Com relação a isso surgem as seguintes questões: “Como se evidencia no texto a “função-autor”? De que o autor é autor?”. A primeira questão é chamada de “questão da assinatura”, isto é, a construção de uma identidade autoral. A segunda refere-se a “questão do discurso”.
A questão da assinatura tem sido colocada na etnografia de forma disfarçada, apresentada como um problema de ordem epistemológica e não de ordem narrativa, isto é “O texto é apresentado como decorrente das complexidades das negociações entre o eu e o outro e não entre o eu e o texto”. A dificuldade reside na “estranheza de construir textos ostensivamente científicos a partir de experiências em grande parte biográficas” (pg. 22).

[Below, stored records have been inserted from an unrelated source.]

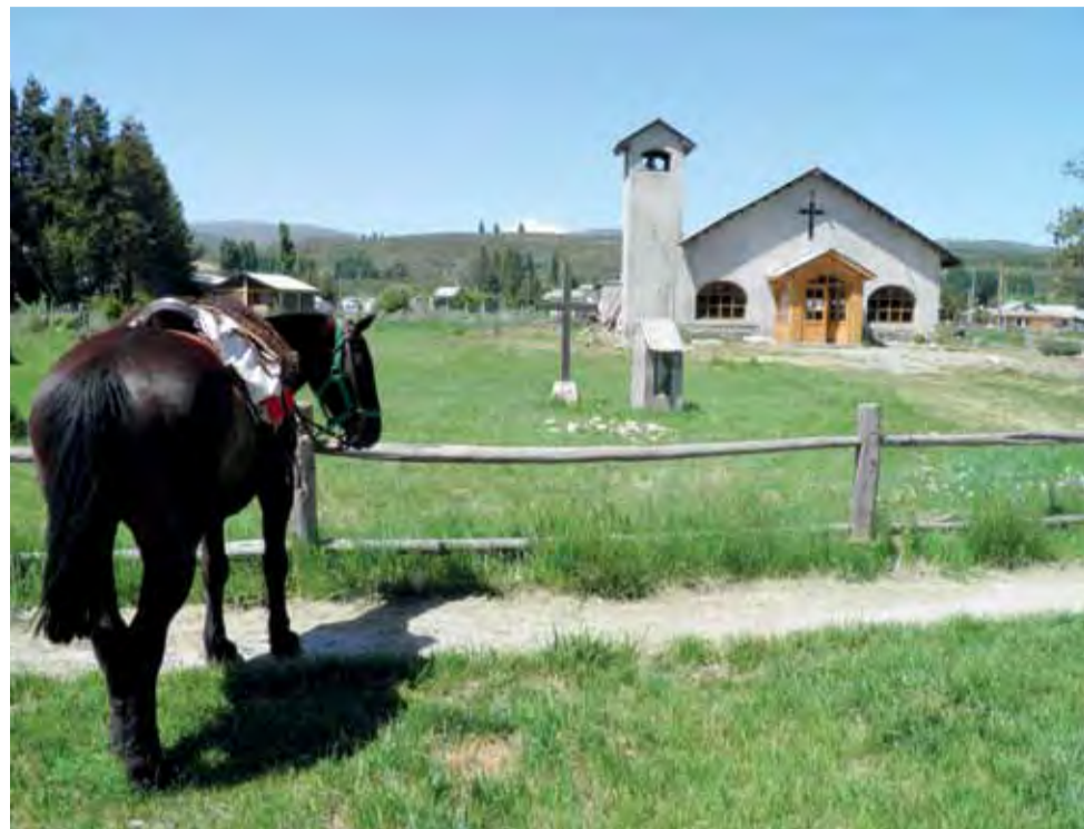
Parking przed kościołem. Nie zawsze wierny przyjeżdża samochodem.
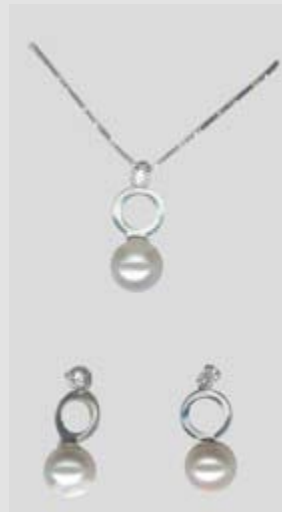
2600STR gr. 4,00
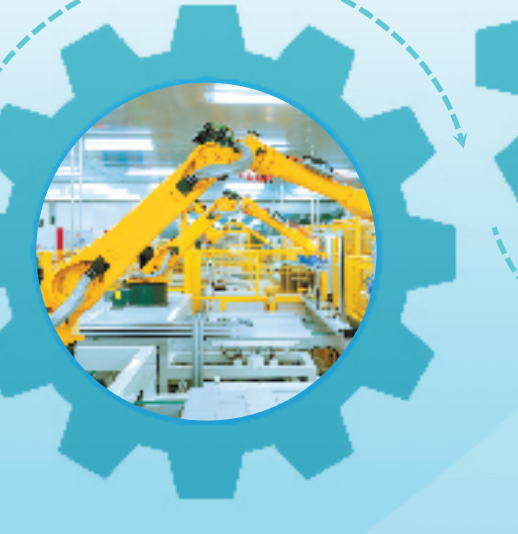
模店东磁生产车间。
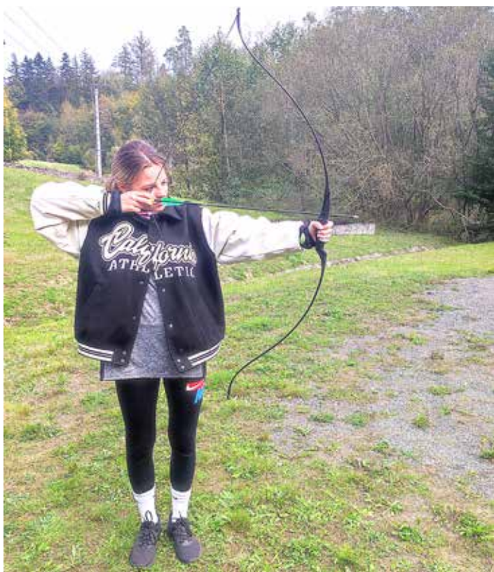
Z luku stříleli indiáni...
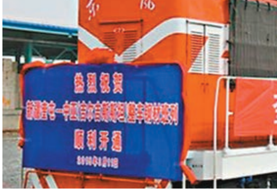
奎屯開往吉爾吉斯斯坦的鋼材班列。

香港文匯報訊(記者 馬晶晶 新疆報導)新疆烏魯木齊—中亞西行國際貨運班列(下稱「西行班列」)於3月開行滿一年，形成了新疆本地採購、內地貨物在烏魯木齊中轉出口的新格局。記者從自治區經信委獲悉，目前「西行班列」發展規劃正在編制中，計劃開行新疆至伊朗、土耳其和俄羅斯等地的貨運班列。此外，新疆還將構築3條快捷國際通道：中歐鐵路北通道、南通道和中通道，建設兩個國家中歐班列中轉集結中心，打造通往歐洲、中亞、西亞的國際物流通道。

A partir desse dilema alguns etnógrafos conseguem transparecer e imprimir sua assinatura na medida em que se utiliza- de recursos da escrita que fazem com que o leitor seja persuadido de que ele esteve onde esteve, de que foi aceito dentro os sujeitos pesquisados, de que sentiu o que sentiu, etc.
A segunda questão (a do discurso) é apresentada em diálogo com Foucault e Barthes. O primeiro faz uma tipologia de autores: aqueles “a quem a produção de um texto, um livro ou uma obra pode ser legitimamente atribuída – produtores de textos particulares” e aqueles “de peso bem maior, que são autores de muito mais que um livro, mas de uma teoria, uma tradição – produtores de discursividade” (pg. 31).
Barthes formula a distinção nos termos: escritor e autor. Para ele, o autor produz teoria, funda uma discursividade, faz uma obra. Já o escritor produz um livro que seguia por um discurso já instituído por certos autores. Isso não quer dizer que necessariamente um autor seja melhor do que um escritor, já que segundo Geertz um escritor pode, apoiando-se em um modelo de determinado autor, ultrapassar em muito o
que seu “mestre” fez.
Os antropólogos, ainda parecem inclinar-se entre as duas distinções. “A incerteza que aparece, em termos de assinatura, como um até que ponto e de que maneira invadir o próprio texto. E, aparece, em termos do discurso, como um até que ponto e de que maneira compô-lo imaginativamente” (pg. 35).
 
Por fim, fazendo todas essas distinções e discutindo a etnografia enquanto um gênero de escrita, Geertz quer mostrar que “estar lá” em termos autorais é tão com plicado quanto “estar lá” em pessoa.